The files table has the following columns:

  • path: The path of the file being referenced
  • mine_id: Integer ID of the mine that provides the file
close()

Close the connection to the database.

get_cache_size()

Return the maximumnumber of files to keep open.

classmethod get_opened_cache(unique_id)

Return a currently-opened cache by its unique identifier.

This method allows entries stored in the database to reference living Cache objects by their persistent identifier, which is useful for running additional queries on the database or retrieving opened file objects.

index(mine, force=False)

Index a new mine.

Mines may add entries to the table of files or create additional tables. If a mine is new to this database, it will be indexed regardless of the force argument.

Parameters:
  • mine – Mine to index
  • force – If True, force the mine to index its contents (usually implies some IO operations)
Returns:

The mine object that was indexed

insert_file(conn, mine_id, path, mtime=None, parent=None)

Insert a new entry into the files table.

named_mines

A dictionary mapping active mine type names to objects.

open_file(row, mode='r', named=False)

Open an entry from the files table.

Pass this function an entire row from the files table, just as it is (i.e. select * from files where …). Dispatches its work to the mine that owns the file. Returns a file-like object.

ordered_mines

A list of each active mine, in order of indexing.

query(*args, **kwargs)

Run a query on the database.

See sqlite3.Connection.query() for details.

set_cache_size(value)

Set the maximum number of files to keep open.

class pyqaxe.mines.directory.Directory(root='.', exclude_regexes=(), exclude_suffixes=(), relative=False)

A simple recursive directory browser.

Directory populates the files table by recursively searching all subdirectories of a given root directory.

Parameters:
  • root – Base directory to begin searching
  • exclude_regexes – Iterable of regex patterns that should be excluded from addition to the list of files upon a successful search
  • exclude_suffixes – Iterable of suffixes that should be excluded from addition to the list of files
  • relative – Whether to store absolute or relative paths (see below)

Relative paths: Directory can store relative, rather than absolute, paths to files. To use absolute paths, set relative=False in the constructor (default). To make the paths be relative to the current working directory, set relative=True. To have the paths be relative to the Cache object that indexes this mine, set relative=cache for that cache object.

Examples:

cache.index(Directory(exclude_regexes=[r'/\..*']))
cache.index(Directory(exclude_suffixes=['txt', 'zip']))
class pyqaxe.mines.gtar.GTAR(exclude_frames_regexes=('\.', ))

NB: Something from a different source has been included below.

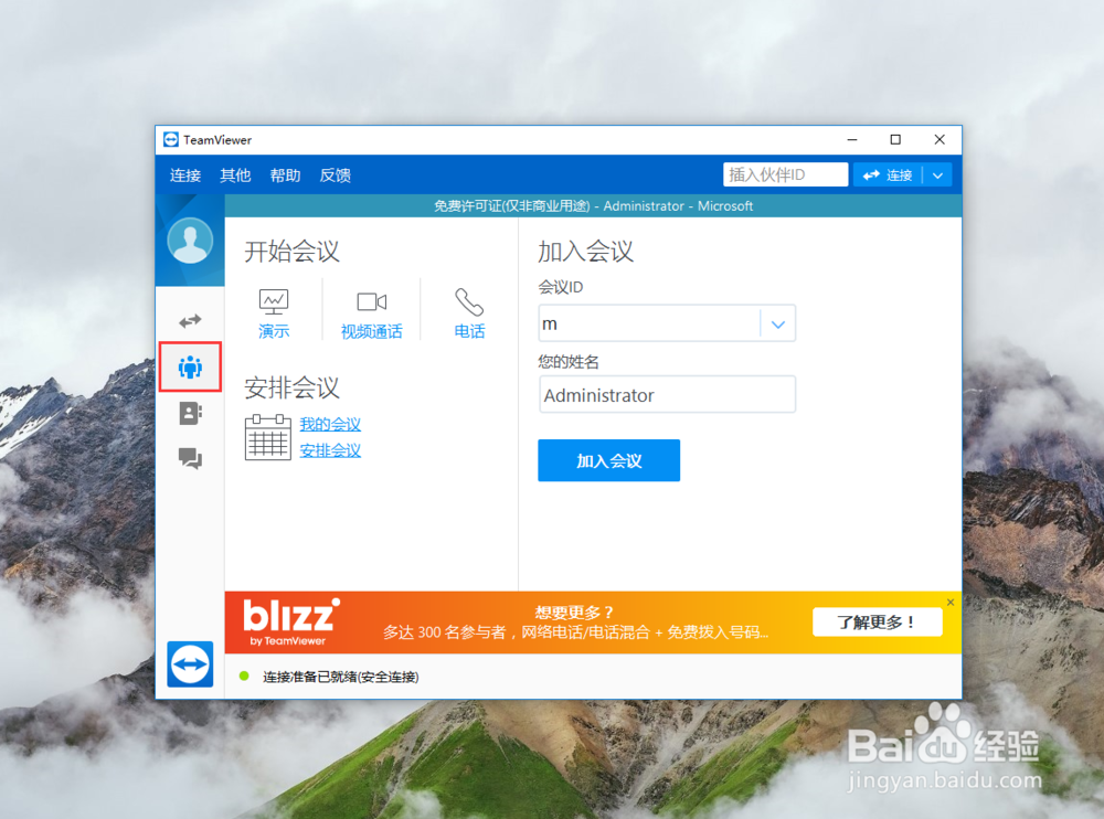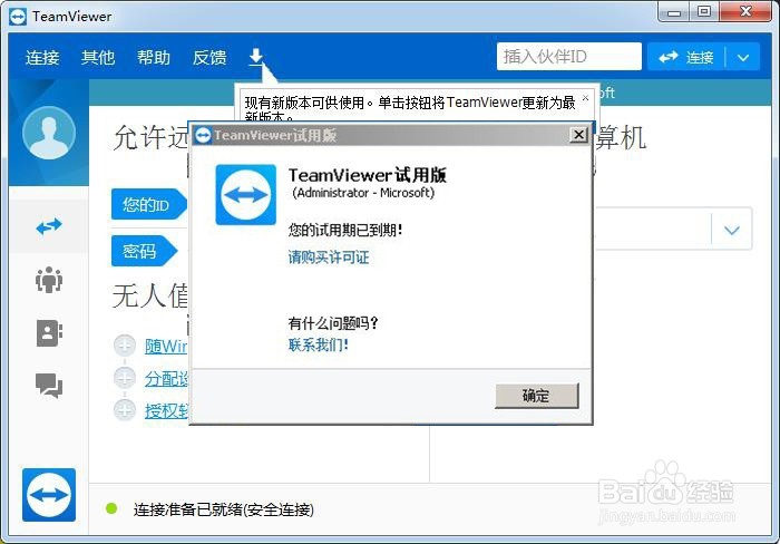 打開teamviewer軟件,目前顯示試用版已到期,無法遠(yuǎn)程控制電腦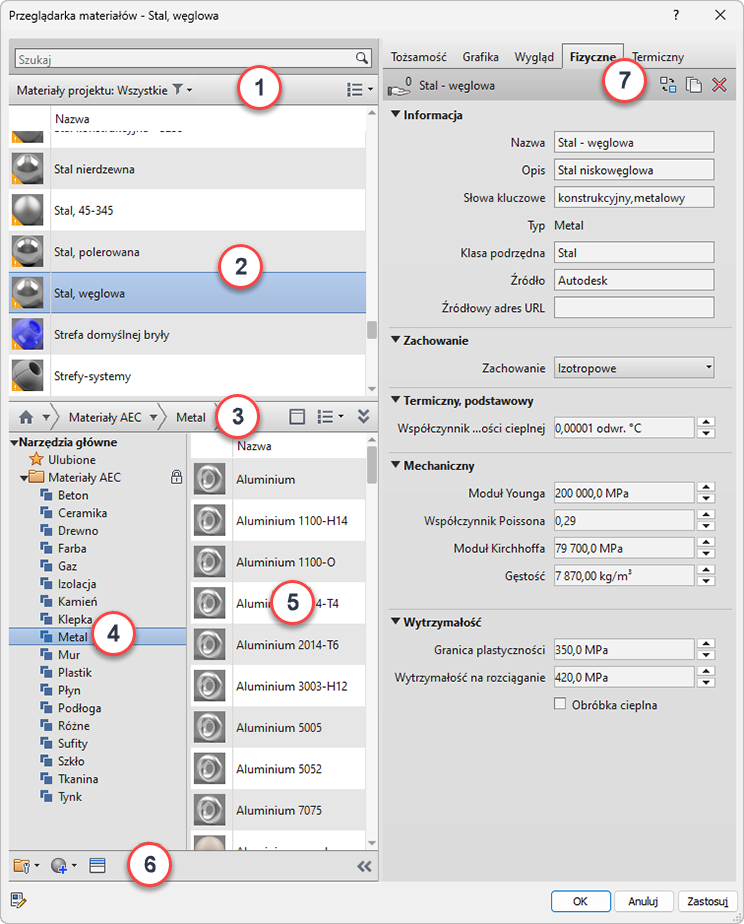 | 7 | Jeśli na liście bibliotek (lewy panel) został wybrany materiał, w prawym panelu wyświetlane są karty (zasoby) skojarzone z materiałem. Kliknij karty (na przykład Identyfikacja lub Wygląd), aby wyświetlić właściwości i zasoby materiału. Podczas przeglądania materiałów w bibliotekach właściwości mają status tylko do odczytu. |

Interpret getar-format files.

GTAR parses zip, tar, and sqlite-format archives in the getar format (https://libgetar.readthedocs.io) to expose trajectory data. The getar files themselves are opened upon indexing to find which records are available in each file, but the actual data contents are read on-demand.

Parameters:exclude_frames_regexes – Iterable of regex patterns of quantity names that should be excluded as columns from gtar_frames table (see below)

GTAR objects create the following table in the database:

  • gtar_records: Contains links to data found in all getar-format files
  • gtar_frames: Contains sets of data stored by index for all getar-format files

The gtar_records table has the following columns:

  • path: path within the archive of the record
  • gtar_group: group for the record
  • gtar_index: index for the record
  • name: name for the record
  • file_id: files table identifier for the archive containing this record
  • data: exposes the data of the record. Value is a string, bytes, or array-like object depending on the stored format.

The gtar_frames table’s columns depend on which records are found among the indexed files. For each unique index, it lists all quantities found among all archives as columns (note that some quantity names may need to be surrounded by quotes) up to that index. gtar_frames contains the following additional columns:

  • gtar_index: index for the record
  • file_id: files table identifier for the archive containing this record
:
cache.query(‘SELECT box, position FROM gtar_frames’)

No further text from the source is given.